◆ What you have to do
Would you print the lines below exactly, beginning at the line that has "2017.04.30. Utca Tánc" and stopping after the line that has "オモシロ理科教室(2026年度上半期公民館活用促進プロジェクト)"? Only those lines, and no pictures.
BEGIN Input material
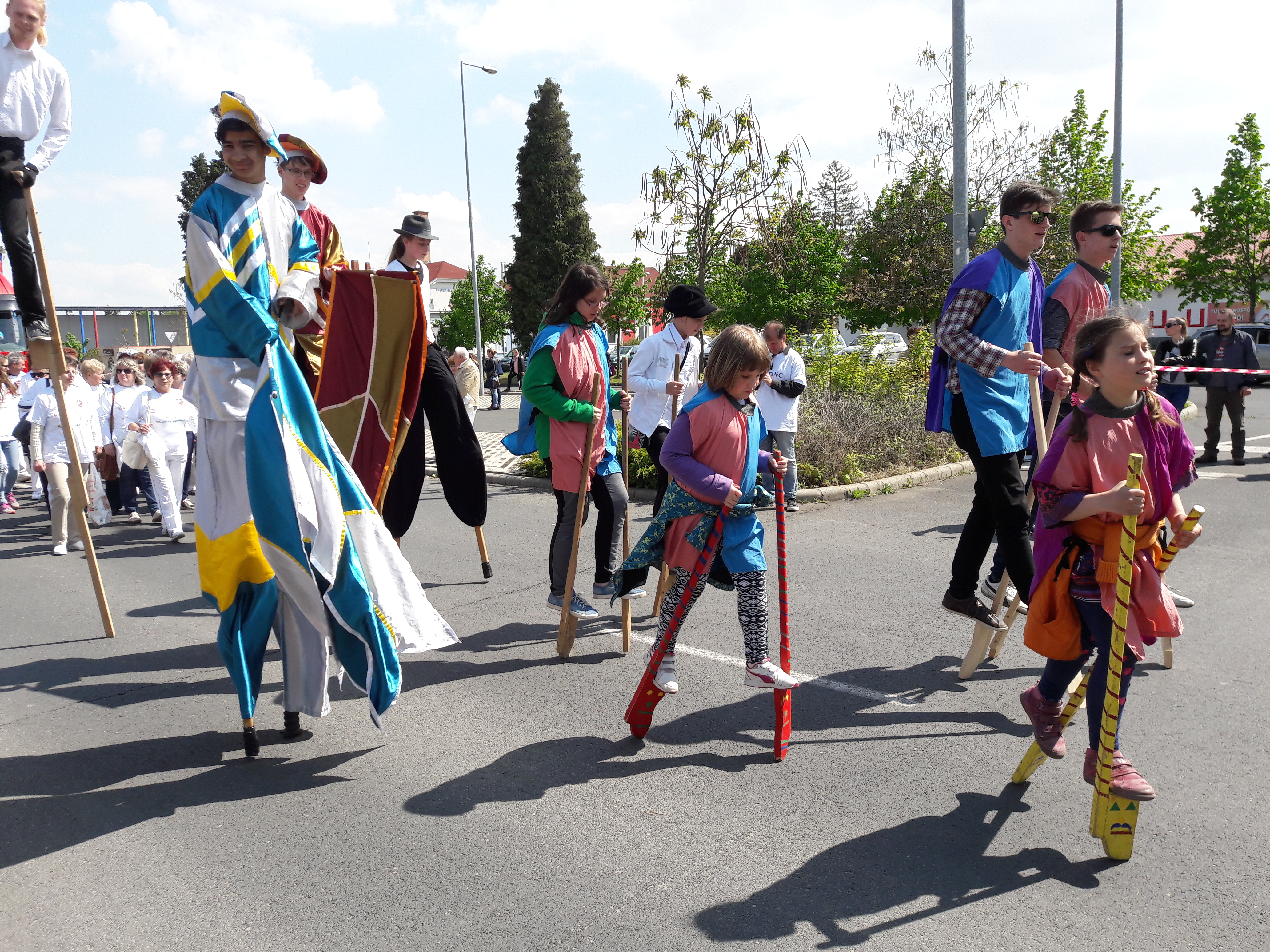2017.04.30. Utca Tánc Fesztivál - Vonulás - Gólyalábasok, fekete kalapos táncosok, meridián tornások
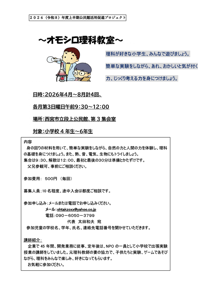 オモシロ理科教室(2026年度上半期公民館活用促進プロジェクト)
END Input material
BEGIN Input material
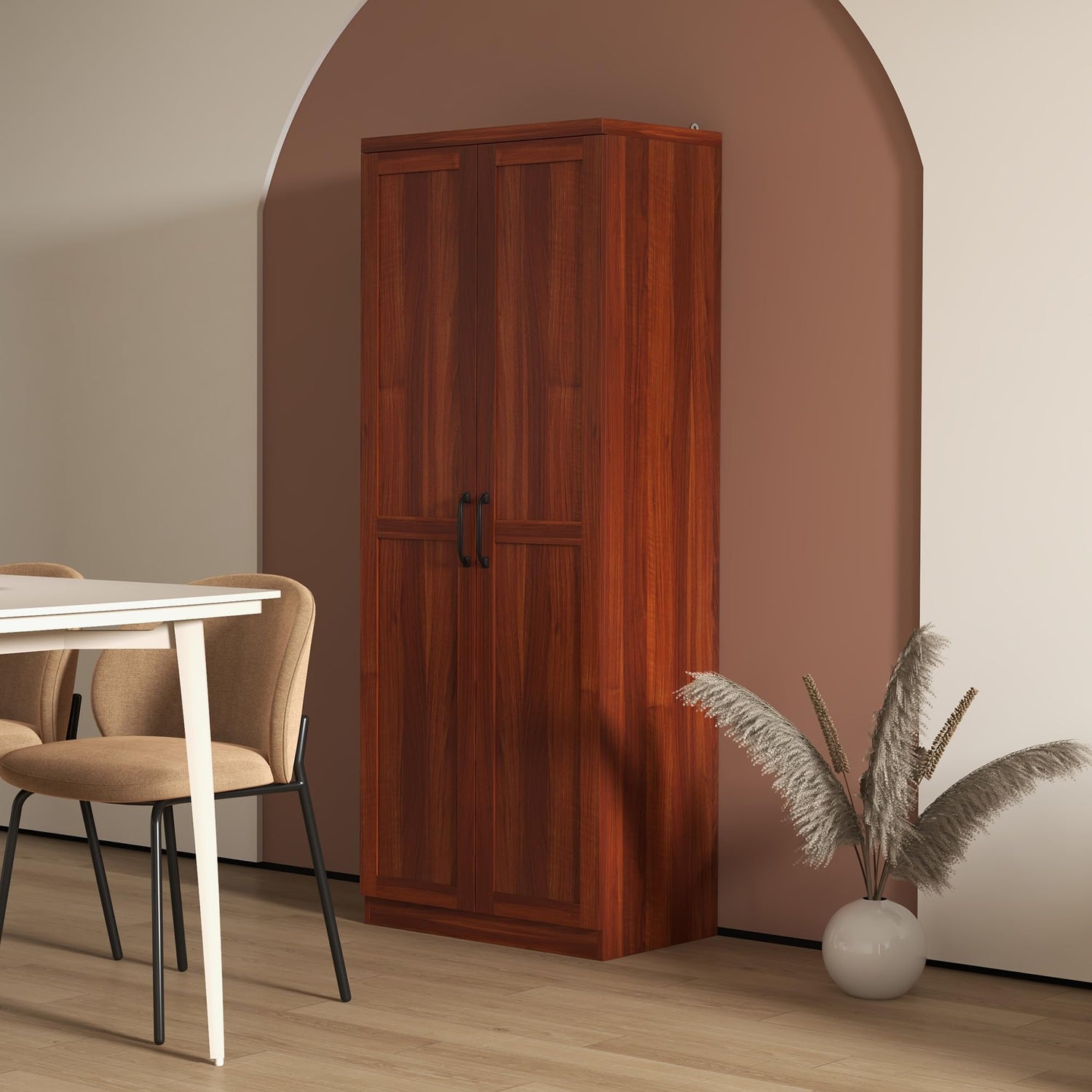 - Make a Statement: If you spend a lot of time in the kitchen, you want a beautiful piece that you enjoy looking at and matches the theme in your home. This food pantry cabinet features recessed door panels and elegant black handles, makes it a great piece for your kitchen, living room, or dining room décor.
END Input material
BEGIN Input material
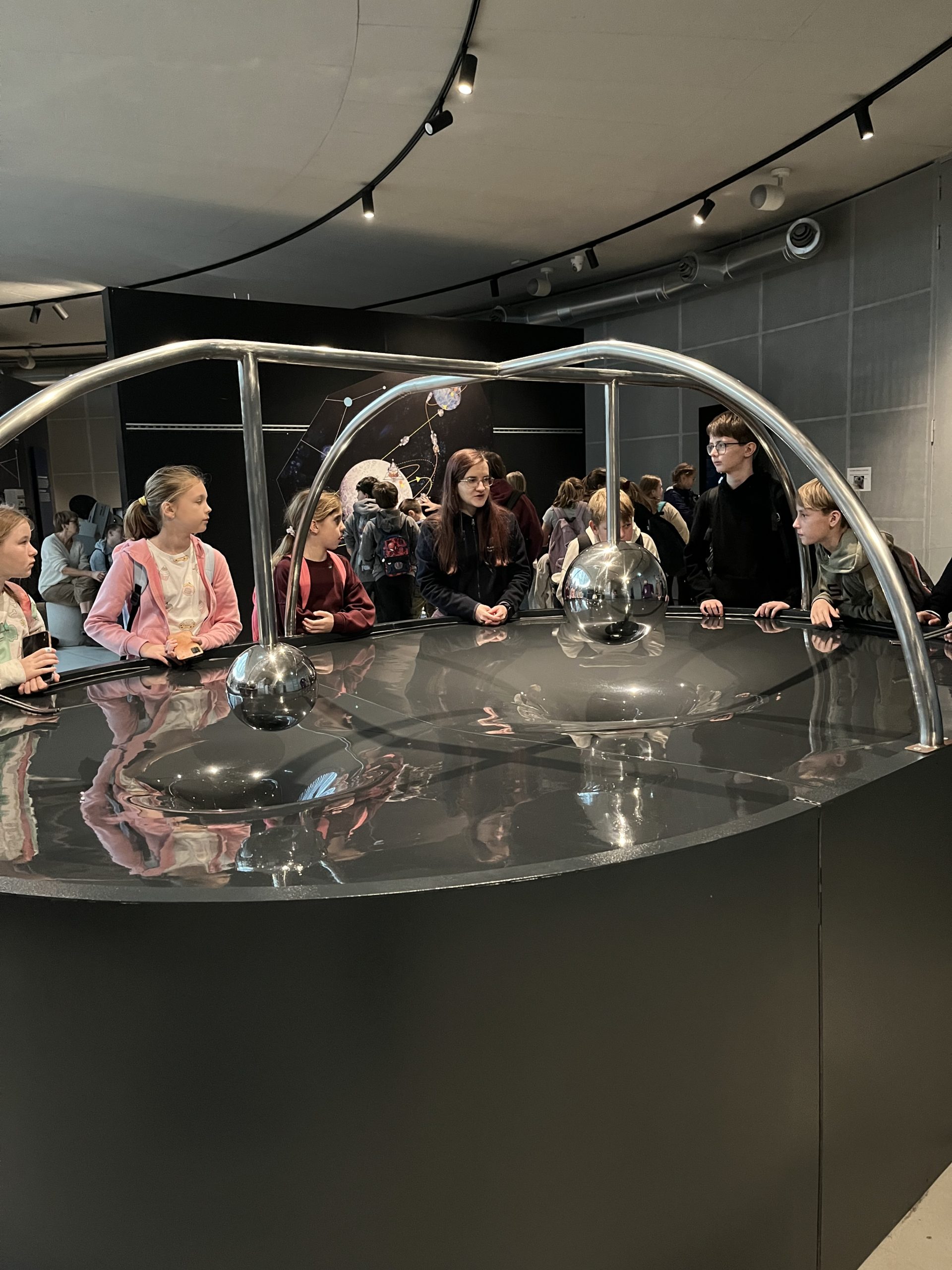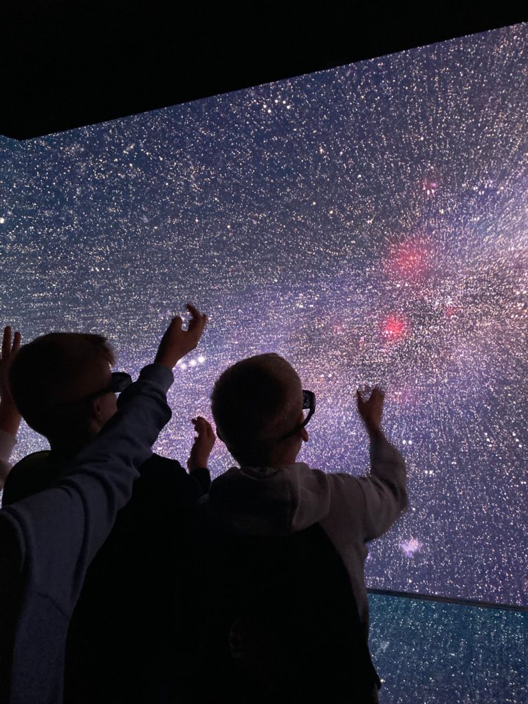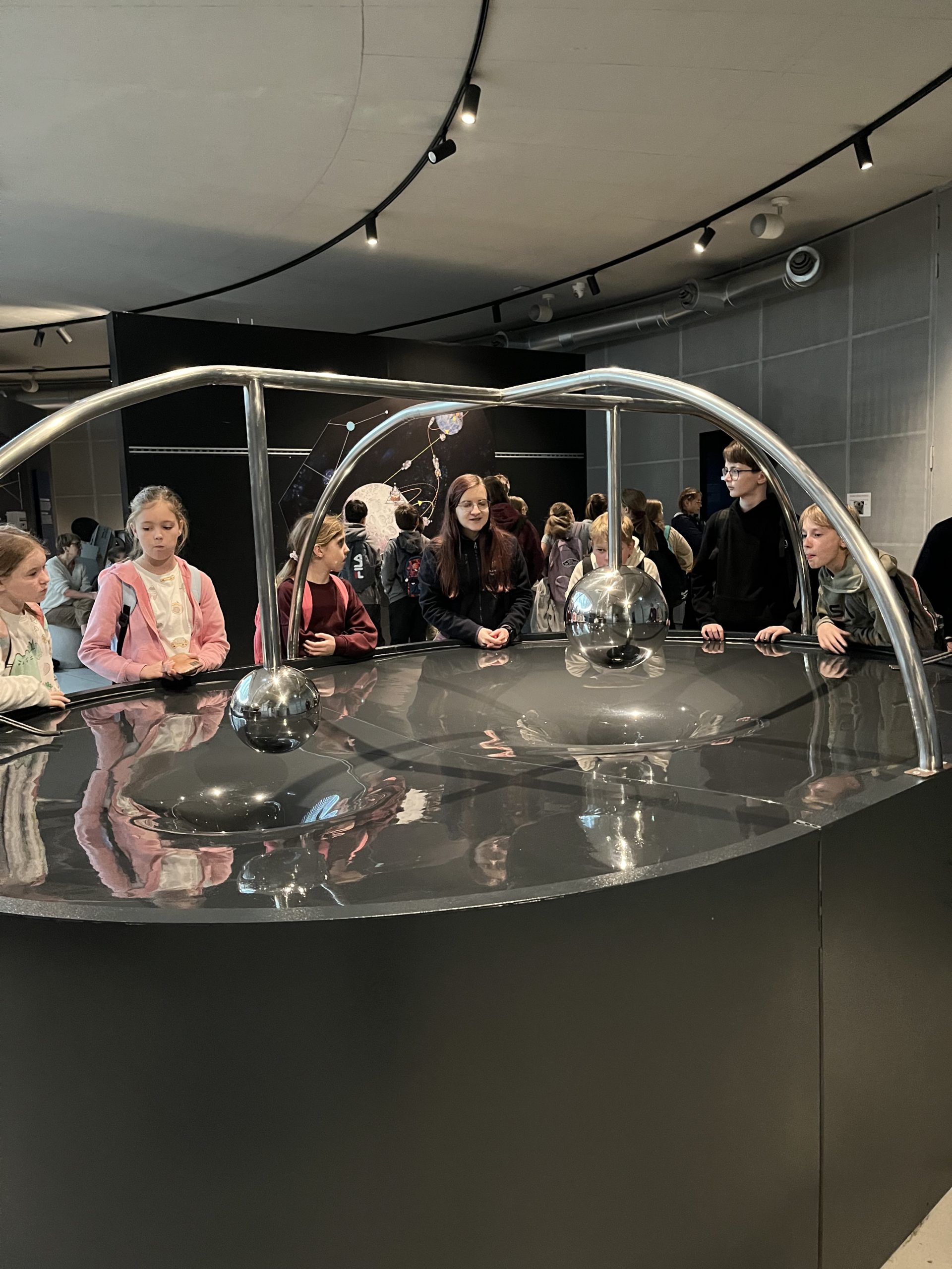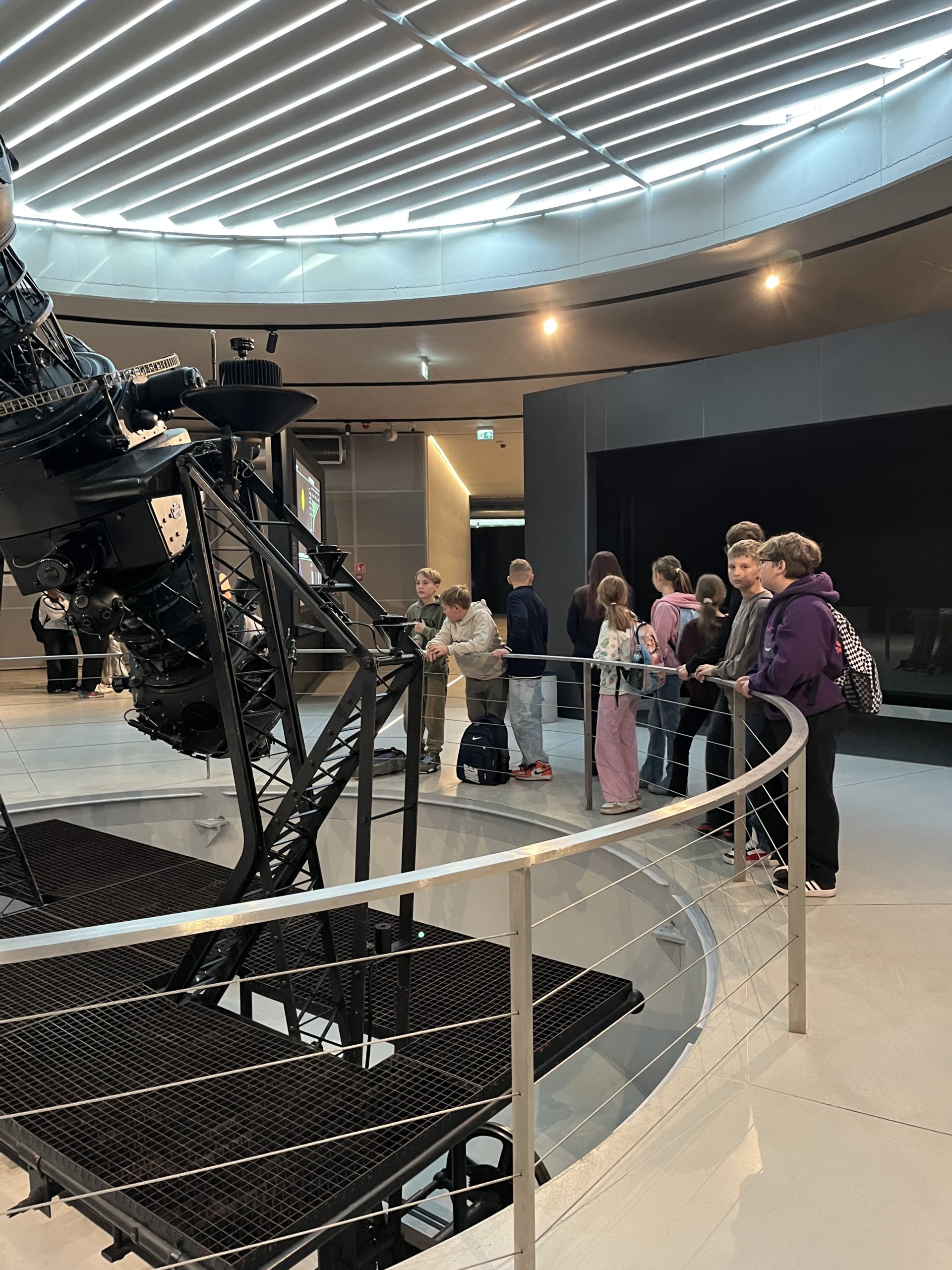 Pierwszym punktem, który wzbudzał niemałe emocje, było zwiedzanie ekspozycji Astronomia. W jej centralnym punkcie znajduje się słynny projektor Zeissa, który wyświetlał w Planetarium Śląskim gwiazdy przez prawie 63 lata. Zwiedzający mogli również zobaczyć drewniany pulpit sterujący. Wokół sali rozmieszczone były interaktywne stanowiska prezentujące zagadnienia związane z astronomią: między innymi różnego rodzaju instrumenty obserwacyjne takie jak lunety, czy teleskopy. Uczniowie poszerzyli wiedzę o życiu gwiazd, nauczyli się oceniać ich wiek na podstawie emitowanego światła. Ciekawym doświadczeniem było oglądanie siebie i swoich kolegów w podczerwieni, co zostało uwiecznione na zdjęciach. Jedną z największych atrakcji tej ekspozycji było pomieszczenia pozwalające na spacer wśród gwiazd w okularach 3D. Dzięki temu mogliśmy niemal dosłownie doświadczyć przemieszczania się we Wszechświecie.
END Input material
◆ Final answer
2017.04.30. Utca Tánc Fesztivál - Vonulás - Gólyalábasok, fekete kalapos táncosok, meridián tornások
 オモシロ理科教室(2026年度上半期公民館活用促進プロジェクト)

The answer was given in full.